‘Do you know how many people Hallmark cards employs?’ asked my husband. I didn’t, and nor would he, had he not just looked it up on Wikipedia. ‘Seven?’ I replied. ‘No.’ ‘A million?’ ‘Now you’re just being silly.’
The reason that the birthday card people had come up was because James Heale began his column in last week’s Spectator: ‘If there is a hallmark of Keir Starmer’s leadership, it is a willingness to bash the left.’ I had wondered aloud whether a figurative hallmark implied something of value, like the marks on gold and silver. I thought the name of the Hallmark brand suggested as much. ‘When you care enough to send the very best,’ is the Hallmark slogan. But it turns out that the company was begun by a man called Joyce Hall.
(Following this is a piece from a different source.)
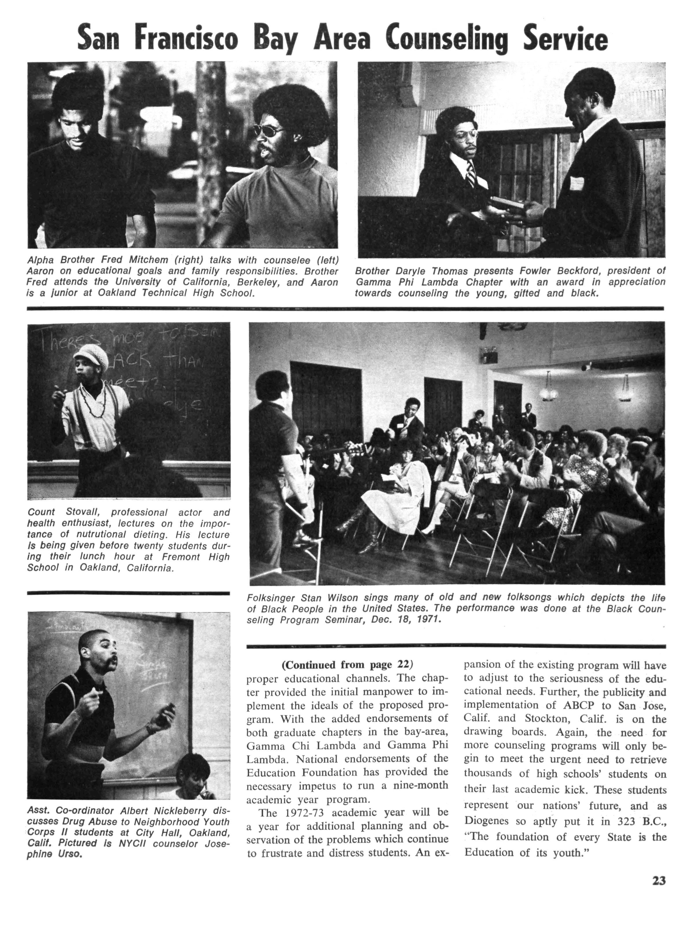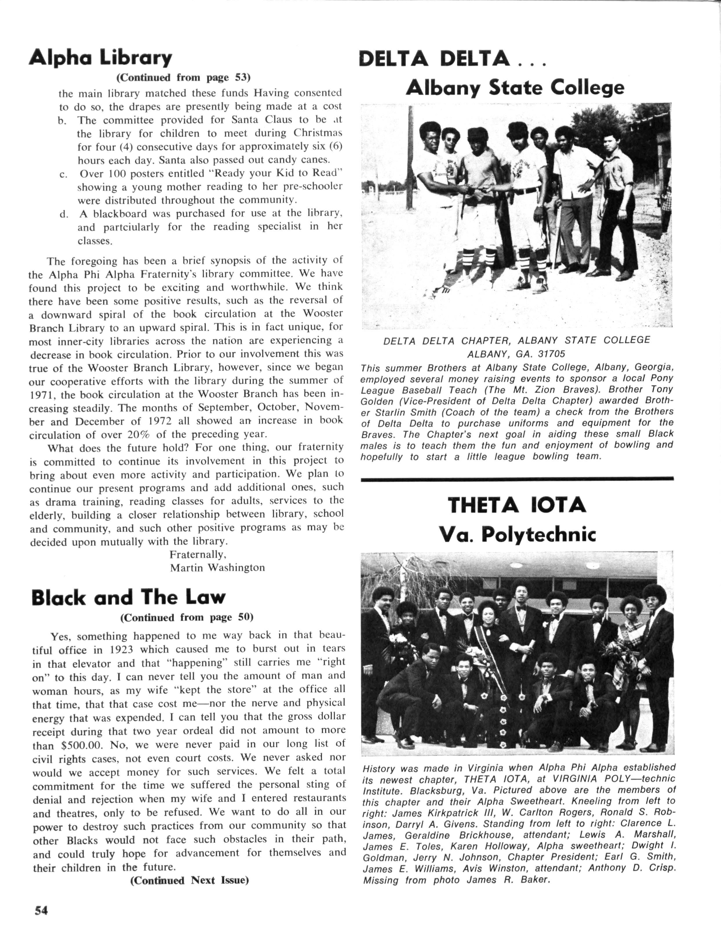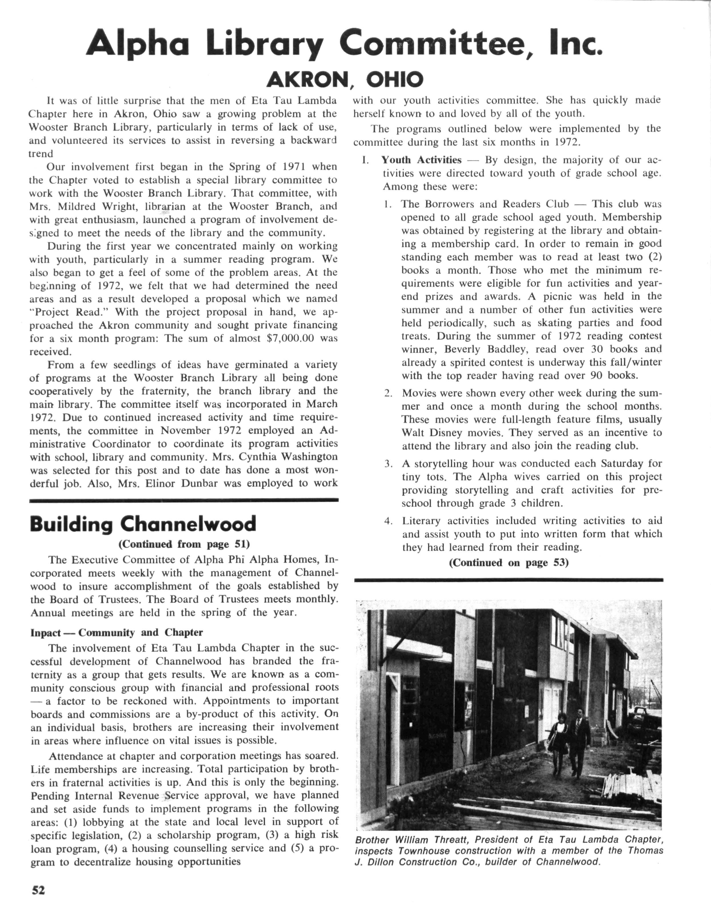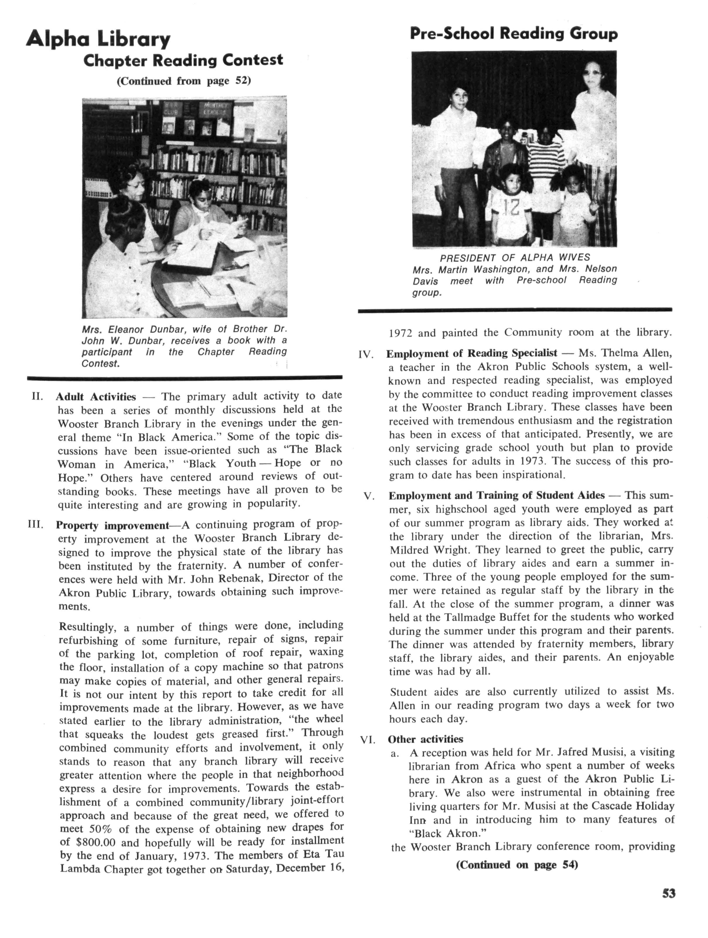 The foregoing has been a brief synopsis of the activity of the Alpha Phi Alpha Fraternity's library committee. We have found this project to be exciting and worthwhile We think there have been some positive results, such as the reversal of a downward spiral of the book circulation at the Wooster Branch Library to an upward spiral. This is in fact unique, for most inner-city libraries across the nation are experiencing a decrease in book circulation Prior to our involvement this was true of the Wooster Branch Library, however, since we began our cooperative efforts with the library during the summer of 1971, the book circulation at the Wooster Branch has been increasing steadily. The months of September, October, November and December of 1972 all showed an increase in book circulation of over 20% of the preceding year

A literal hallmark has been stamped on gold and silver under the authority of the Goldsmiths’ Company since 1325. Since their headquarters was Goldsmiths’ Hall, the mark was called a hall mark. Figuratively, hallmark was seldom used before the mid-19th century, and meant ‘a sign of worth’. Now it simply means ‘a distinctive feature’. In that sense I prefer it to trademark or, just as bad, signature.
Marks abound. Landmark is often attached to a ruling, but in a more literal way labels the Landmark Trust, which since 1965 has preserved and let out historic buildings.
A mark that is often invoked, God save [or bless] the mark, owes its popularity to Shakespeare. In Two Gentlemen of Verona, Launce takes the rap for his dog Crab when he misbehaves under the table. ‘He had not been there – bless the mark! – a pissing while, but all the chamber smelt him.’
Beyond all that, I don’t think anyone knows the origin of the phrase. The Oxford English Dictionary states that ‘there is no foundation’ in the statement by E. Cobham Brewer in his Dictionary of Phrase and Fable (1870) that it was originally used by archers. By the way, Hallmark employs 27,000 people.